- **What is expected**:
Exact reproduction is required for the lines below starting at the line with "6일 ‘ACE 미국30년국채선물레버리지(합성H)’" and ending at the line with "Od nádraží v", both included. No other lines, and no pictures.

:::::

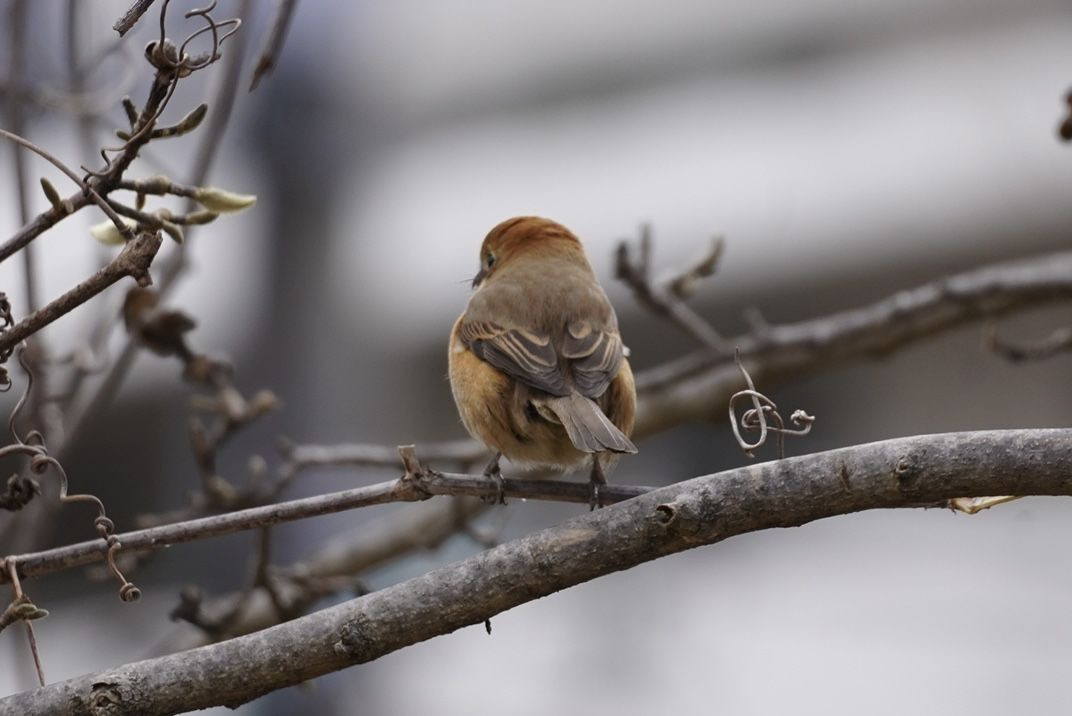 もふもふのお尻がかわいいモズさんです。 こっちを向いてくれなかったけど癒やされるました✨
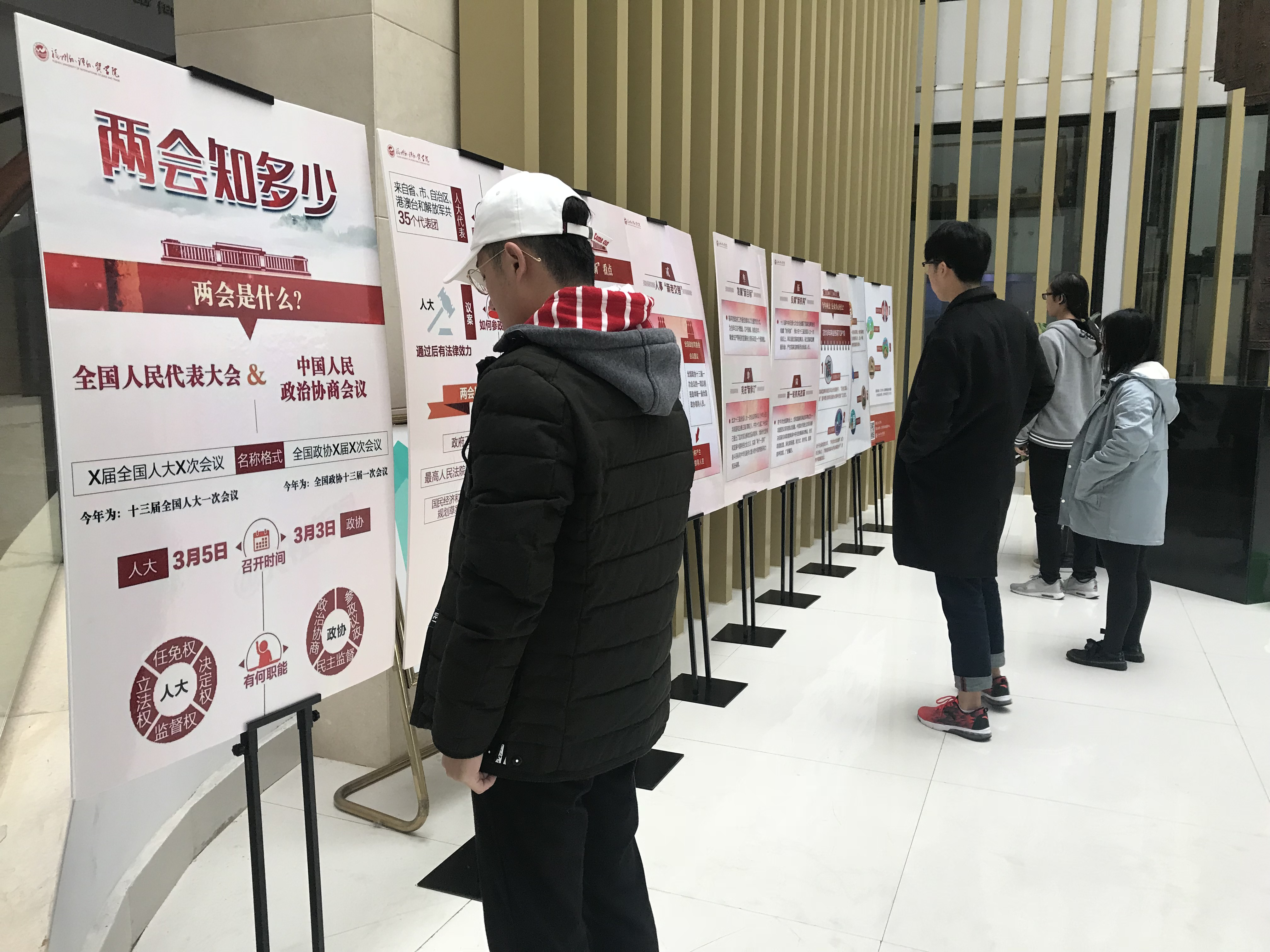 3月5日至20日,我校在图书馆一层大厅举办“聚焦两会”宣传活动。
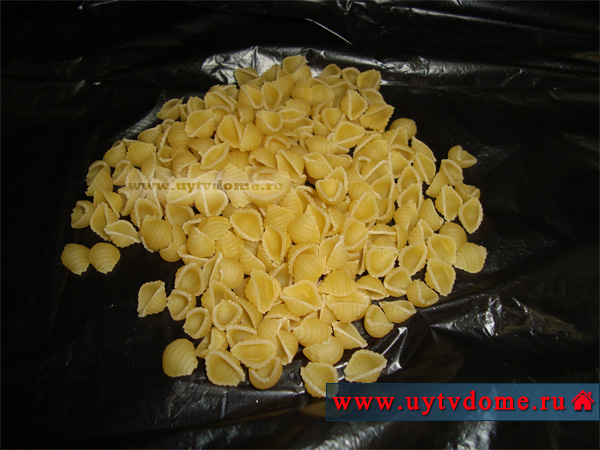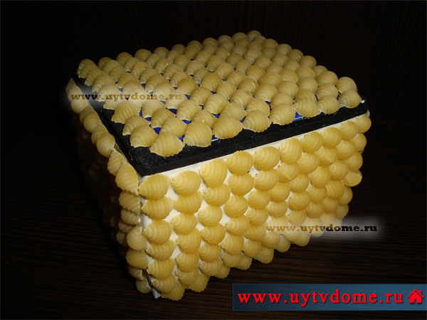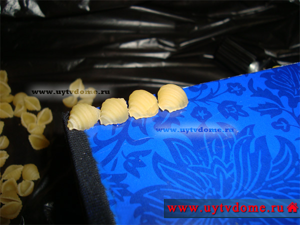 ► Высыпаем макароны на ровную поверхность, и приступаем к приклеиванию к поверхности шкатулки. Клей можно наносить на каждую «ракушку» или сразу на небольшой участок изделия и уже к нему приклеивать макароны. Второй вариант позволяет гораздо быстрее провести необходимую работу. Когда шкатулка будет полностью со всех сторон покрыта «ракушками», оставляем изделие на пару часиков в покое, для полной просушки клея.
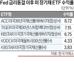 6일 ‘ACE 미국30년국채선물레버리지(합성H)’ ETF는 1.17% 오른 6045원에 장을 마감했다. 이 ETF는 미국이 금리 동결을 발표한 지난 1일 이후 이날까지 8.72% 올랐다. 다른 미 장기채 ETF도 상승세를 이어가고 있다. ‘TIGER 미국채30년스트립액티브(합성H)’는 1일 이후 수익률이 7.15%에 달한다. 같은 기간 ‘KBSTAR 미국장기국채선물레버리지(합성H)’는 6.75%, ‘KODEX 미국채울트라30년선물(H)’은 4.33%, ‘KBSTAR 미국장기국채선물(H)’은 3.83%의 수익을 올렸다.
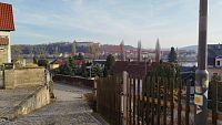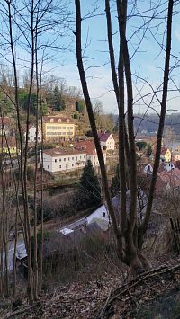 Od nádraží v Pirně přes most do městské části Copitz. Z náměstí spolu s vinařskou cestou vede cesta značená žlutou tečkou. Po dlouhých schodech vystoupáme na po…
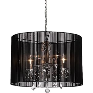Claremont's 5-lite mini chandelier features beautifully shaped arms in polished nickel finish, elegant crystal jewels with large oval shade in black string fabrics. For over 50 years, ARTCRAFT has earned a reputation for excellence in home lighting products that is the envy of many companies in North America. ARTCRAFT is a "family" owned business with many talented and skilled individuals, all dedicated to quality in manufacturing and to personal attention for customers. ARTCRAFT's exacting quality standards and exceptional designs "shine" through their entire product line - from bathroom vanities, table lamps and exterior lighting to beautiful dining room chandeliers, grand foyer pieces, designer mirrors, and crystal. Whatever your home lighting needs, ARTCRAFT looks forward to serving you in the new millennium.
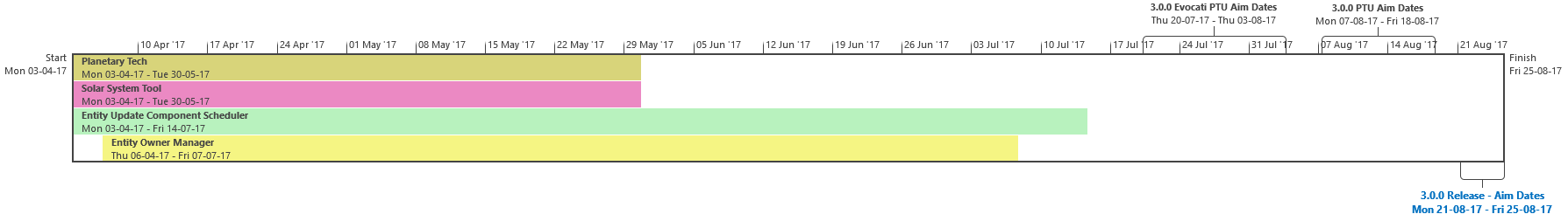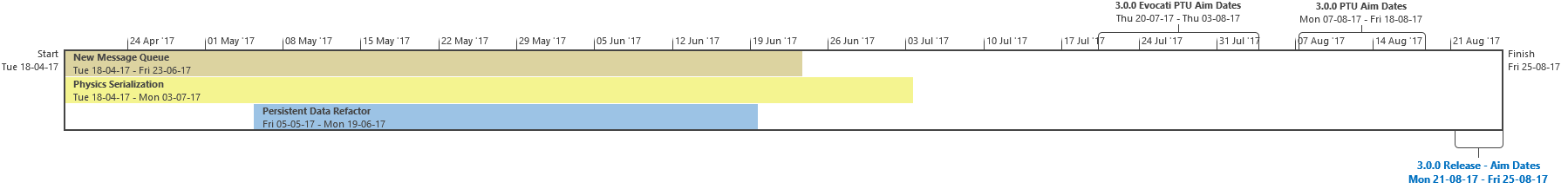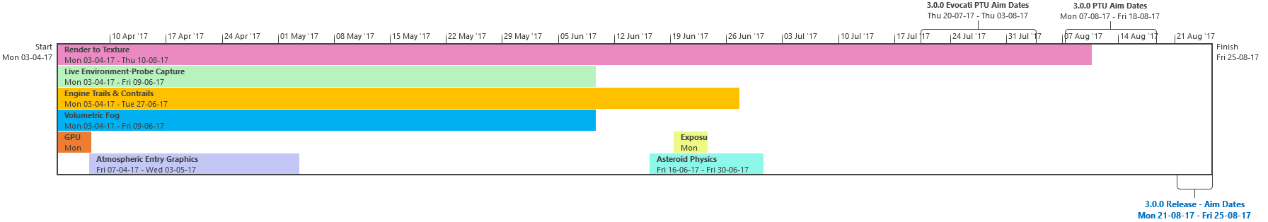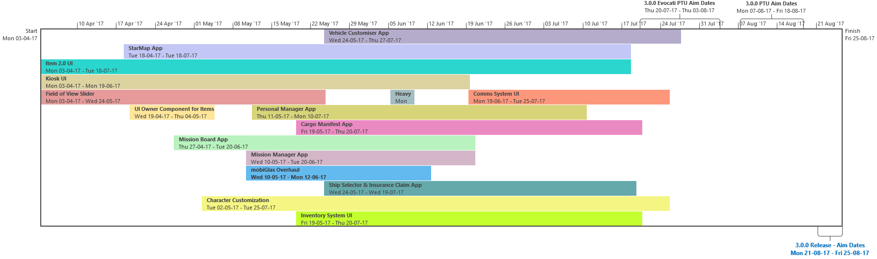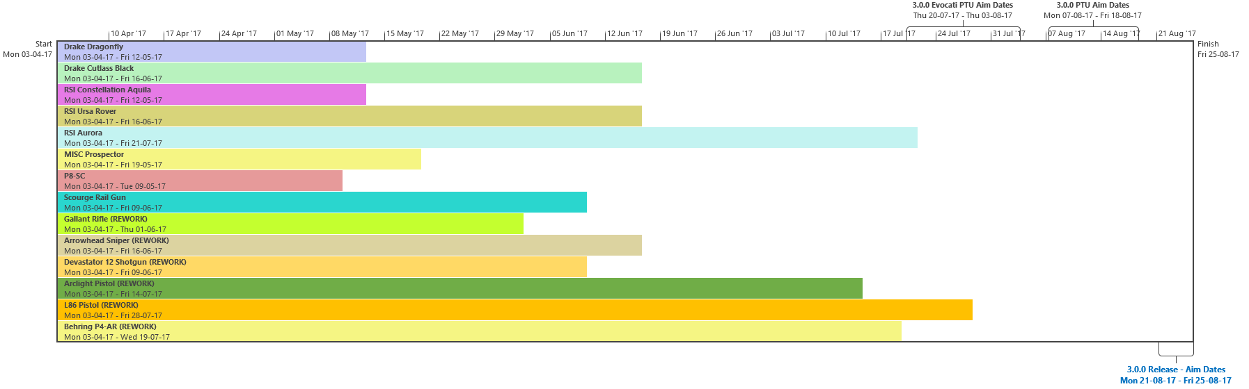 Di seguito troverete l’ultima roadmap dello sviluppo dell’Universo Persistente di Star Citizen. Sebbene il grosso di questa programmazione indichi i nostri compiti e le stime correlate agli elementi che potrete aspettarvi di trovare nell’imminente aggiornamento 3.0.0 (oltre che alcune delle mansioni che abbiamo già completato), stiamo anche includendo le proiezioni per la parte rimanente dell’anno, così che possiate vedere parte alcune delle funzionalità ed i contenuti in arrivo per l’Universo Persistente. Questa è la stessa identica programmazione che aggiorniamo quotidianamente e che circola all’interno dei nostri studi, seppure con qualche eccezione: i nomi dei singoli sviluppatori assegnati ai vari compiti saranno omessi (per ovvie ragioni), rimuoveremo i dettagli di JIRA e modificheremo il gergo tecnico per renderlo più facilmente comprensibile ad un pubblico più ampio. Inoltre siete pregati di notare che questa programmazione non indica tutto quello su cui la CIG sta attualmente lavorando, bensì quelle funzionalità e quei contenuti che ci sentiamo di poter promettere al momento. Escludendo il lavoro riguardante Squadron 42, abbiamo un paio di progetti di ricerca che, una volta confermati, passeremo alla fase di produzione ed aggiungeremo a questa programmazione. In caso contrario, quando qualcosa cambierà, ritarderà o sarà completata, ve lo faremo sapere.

:::::

- **Answer for this exercise**:
 6일 ‘ACE 미국30년국채선물레버리지(합성H)’ ETF는 1.17% 오른 6045원에 장을 마감했다. 이 ETF는 미국이 금리 동결을 발표한 지난 1일 이후 이날까지 8.72% 올랐다. 다른 미 장기채 ETF도 상승세를 이어가고 있다. ‘TIGER 미국채30년스트립액티브(합성H)’는 1일 이후 수익률이 7.15%에 달한다. 같은 기간 ‘KBSTAR 미국장기국채선물레버리지(합성H)’는 6.75%, ‘KODEX 미국채울트라30년선물(H)’은 4.33%, ‘KBSTAR 미국장기국채선물(H)’은 3.83%의 수익을 올렸다.
 Od nádraží v Pirně přes most do městské části Copitz. Z náměstí spolu s vinařskou cestou vede cesta značená žlutou tečkou. Po dlouhých schodech vystoupáme na po…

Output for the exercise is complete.